Multi-corner multi-mode signal integrity optimization
Signal integrity (SI) is an ever-growing problem as more interconnect effects and fast clocks increase the chances of crosstalk noise and glitches as well as unexpected signal delays. There has been a significant increase in SI-related timing violations due to the increasing influence of lateral wire capacitance in designs at 65 and 45nm. A fast-increasing number of operational modes and process corners in which a design must operate is exacerbating the problem and significantly increasing the time needed to reach design closure.
To properly address SI closure for ICs manufactured at 65nm and below, we need to take SI into account throughout the design flow. It must be on the agenda from the start of placement, and stay on it through clock tree synthesis, optimization and routing. We must be equipped to undertake accurate analysis, and to apply effective prevention and design optimization techniques at all appropriate stages.
Additionally, we need the ability to perform concurrent SI analysis and optimization for all operational modes and process corners. This requires a new place-and-route architecture that has an underlying ability to carry out multi-corner multi-mode (MCMM) timing analysis. Solutions without true MCMM capability can only present a single mode/corner combination for SI analysis at any one time, forcing design teams to run multiple time-consuming iterations of the tool and also to intervene manually in the process.
Signal integrity (SI) refers to the degree of immunity a design has to crosstalk effects caused by parasitic capacitance between adjacent nets. Cross-coupling can cause changes in signal slew rates and delays that affect timing closure, and also signal glitches that can induce logic errors. SI analysis uses specific terminology to refer to the two kinds of nets it considers:
- The ‘victim net’ is the net being analyzed for crosstalk effects.
- The ‘aggressor nets’ are all the surrounding nets that could contribute to crosstalk in the victim net.
The goal of SI analysis is to calculate the ‘voltage bumps’ that can be induced in the victim net due to the coupling of signals from the aggressor nets. These will be dependent on both the size of parasitic elements (conductor resistance and inter-conductor capacitance) and the relative timing of the signals on victim and aggressor nets. Signal alignment will determine the amount of reinforcement or cancellation that occurs among signals.

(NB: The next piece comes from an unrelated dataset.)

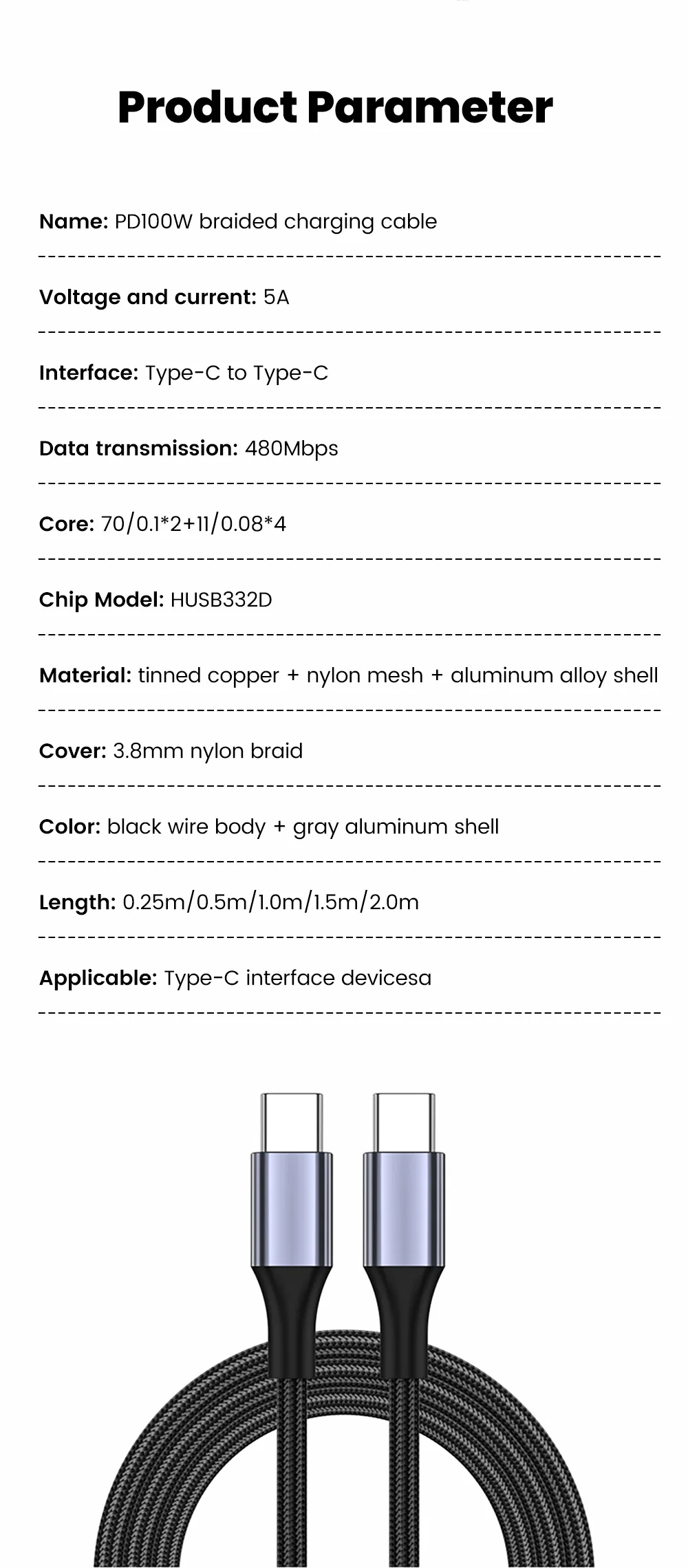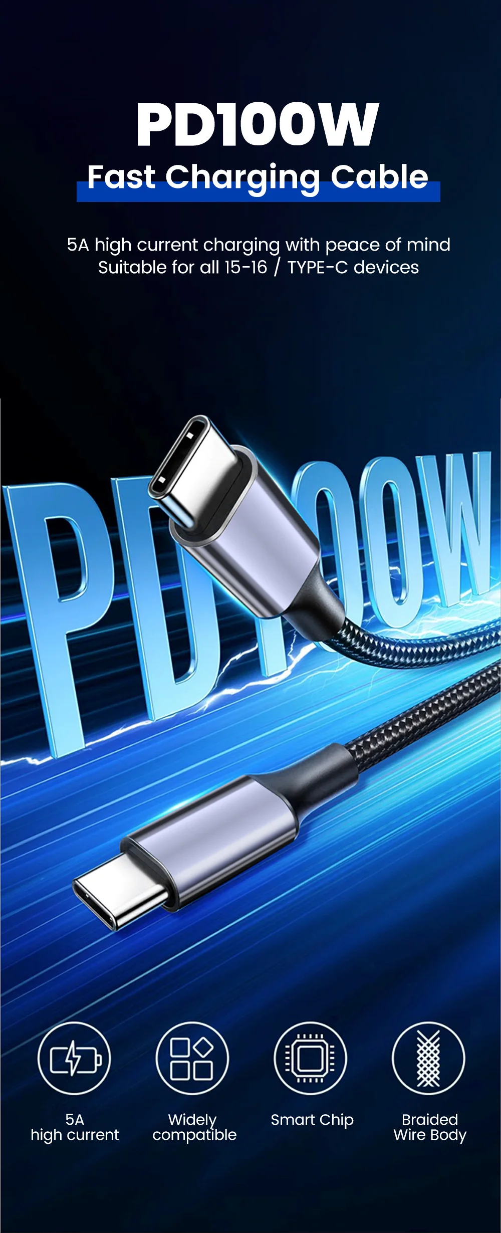 Nombre del producto: Cable de datos de carga trenzado PD100W (chip E-Maker)

Figure 1. Effects of crosstalk on victim signal transition. Source: Mentor Graphics
Figure 1 shows how aggressors transitioning at the same time and in the same direction as the victim reduce the victim signal’s arrival time (reducing timing delay), while aggressors transitioning opposite to the victim will cause its arrival time to increase (increased timing delay). Determining these changes in victim transition times is called ‘delta-delay’ analysis and forms an important subset of SI analysis.
To take the effect of timing into consideration, SI analysis uses the ‘timing window’ concept. A timing window is the difference between the late and early arrival times for a signal at a node, and it is attributable to different paths through the nets. A voltage bump will only have an effect on operation if the timing windows of the aggressor and victim overlap (Figure 2).
SI challenges at advanced process nodes
There is a group of factors that arise or become more significant at 65nm and below in accounting for much of the greater difficulty in achieving SI closure:
- Interconnect coupling capacitance increases.
- Wire resistance and variations in resistance also continue to increase.
- Clock timing gets faster. There are then several key challenges to performing effective SI analysis for ICs at advanced process nodes:
- A need to analyze many more modes and corners than for previous generations makes it harder to reach timing closure.
- Smaller geometries mean SI effects are more pronounced and cannot be prevented—let alone optimized—by avoidance heuristics alone. Real-time analysis and feedback during the routing process are now required.
- Designs with huge gate counts require extremely fast and efficient SI analysis and optimization or turnaround times can become excessive.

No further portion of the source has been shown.